#### [PROBLEM TO SOLVE]
In the listing that follows, find the line with "A particular highlight", then copy exactly from it through the line with "不管是在巅峰赛1350分以上,还是在顶端排位,马可的出场率都是第一名。", leaving out every picture.

#### [STUDY MATERIAL]

═══

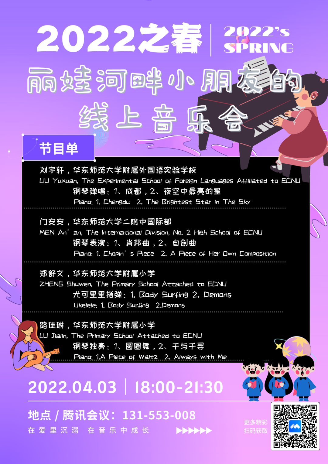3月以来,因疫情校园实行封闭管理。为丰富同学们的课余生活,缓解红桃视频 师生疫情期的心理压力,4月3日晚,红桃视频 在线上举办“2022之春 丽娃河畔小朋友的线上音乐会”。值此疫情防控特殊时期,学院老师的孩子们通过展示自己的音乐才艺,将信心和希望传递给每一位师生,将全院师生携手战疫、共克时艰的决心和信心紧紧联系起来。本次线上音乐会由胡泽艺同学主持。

═══

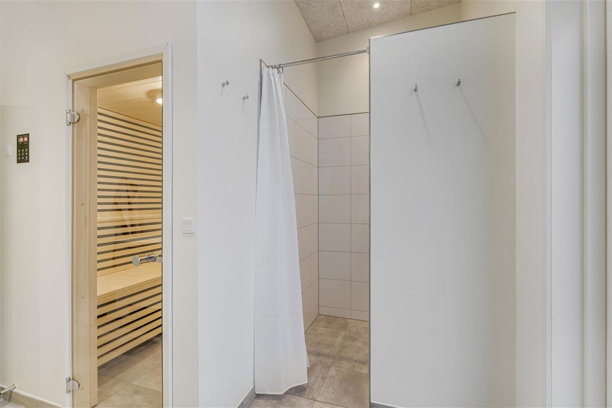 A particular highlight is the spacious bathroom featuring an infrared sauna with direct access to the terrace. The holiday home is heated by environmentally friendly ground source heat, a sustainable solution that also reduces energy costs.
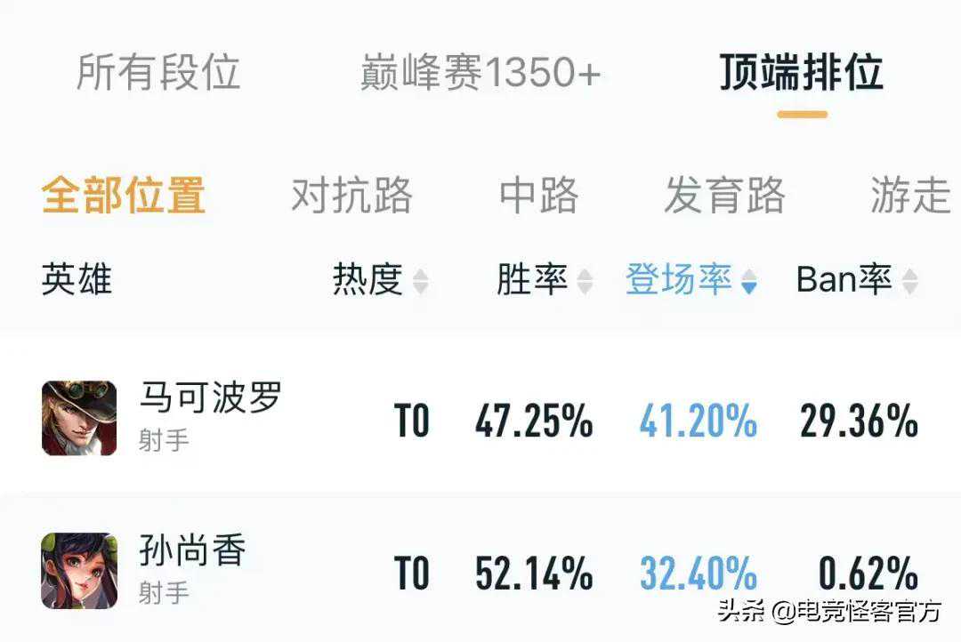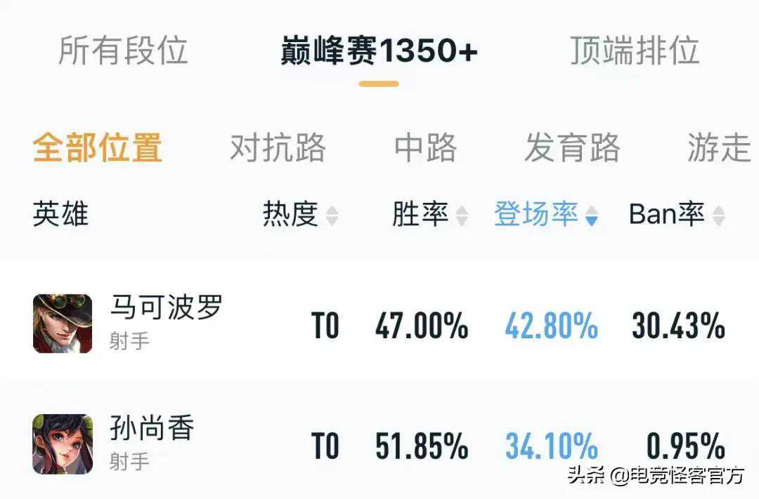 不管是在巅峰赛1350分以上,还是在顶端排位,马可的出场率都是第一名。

═══

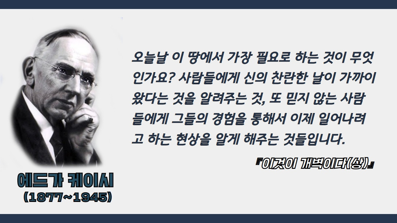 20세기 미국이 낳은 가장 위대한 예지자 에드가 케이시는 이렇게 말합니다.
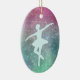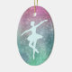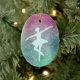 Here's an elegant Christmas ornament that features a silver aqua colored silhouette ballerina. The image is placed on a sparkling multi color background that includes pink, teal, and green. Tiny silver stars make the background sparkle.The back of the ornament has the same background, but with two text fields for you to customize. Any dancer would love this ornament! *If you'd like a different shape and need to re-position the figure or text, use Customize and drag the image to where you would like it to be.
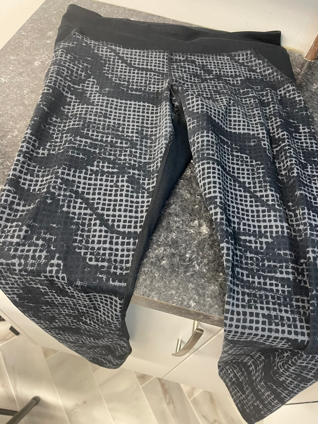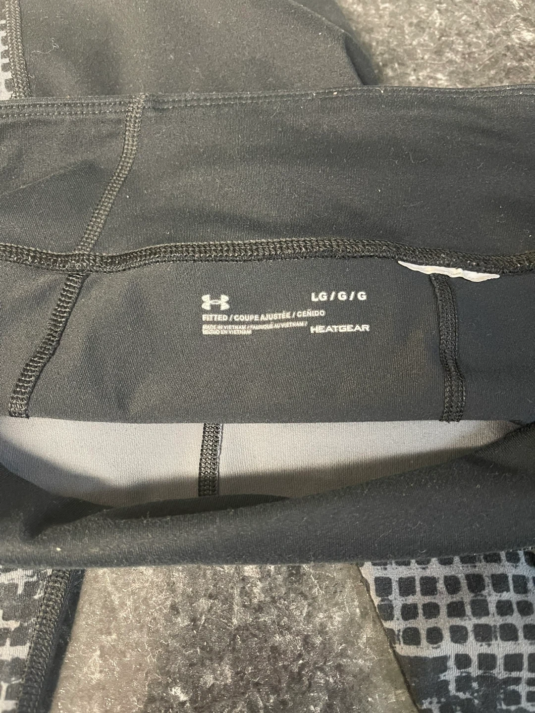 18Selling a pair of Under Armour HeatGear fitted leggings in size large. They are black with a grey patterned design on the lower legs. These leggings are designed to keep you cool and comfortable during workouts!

═══

#### [RESULT OF THE EXERCISE]
 A particular highlight is the spacious bathroom featuring an infrared sauna with direct access to the terrace. The holiday home is heated by environmentally friendly ground source heat, a sustainable solution that also reduces energy costs.
 不管是在巅峰赛1350分以上,还是在顶端排位,马可的出场率都是第一名。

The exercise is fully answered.